## Recorded information:
▶
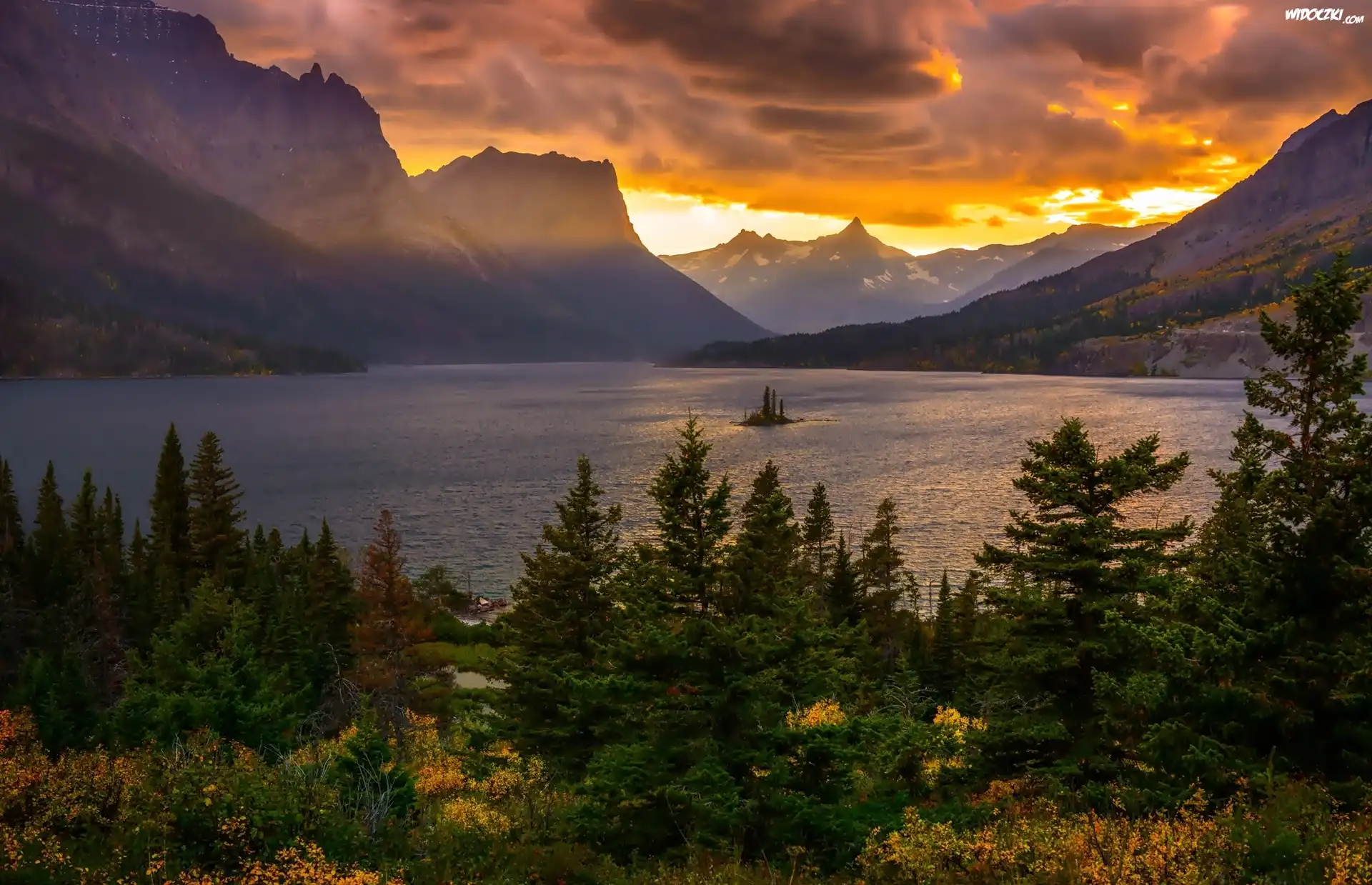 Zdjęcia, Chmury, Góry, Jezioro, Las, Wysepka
◀
▶
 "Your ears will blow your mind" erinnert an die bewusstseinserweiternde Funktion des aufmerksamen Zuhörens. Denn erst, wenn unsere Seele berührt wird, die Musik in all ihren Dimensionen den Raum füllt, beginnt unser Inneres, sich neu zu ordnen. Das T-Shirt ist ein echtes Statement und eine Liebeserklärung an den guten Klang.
◀
▶
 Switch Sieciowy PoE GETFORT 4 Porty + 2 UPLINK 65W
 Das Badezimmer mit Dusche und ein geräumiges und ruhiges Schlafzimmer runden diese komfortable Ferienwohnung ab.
◀
## Work request:
Your reply is to repeat, unchanged, the lines above running from the one with "Switch Sieciowy PoE" up to and including the one with "Das Badezimmer mit".

## Output for this exercise:
 Switch Sieciowy PoE GETFORT 4 Porty + 2 UPLINK 65W
 Das Badezimmer mit Dusche und ein geräumiges und ruhiges Schlafzimmer runden diese komfortable Ferienwohnung ab.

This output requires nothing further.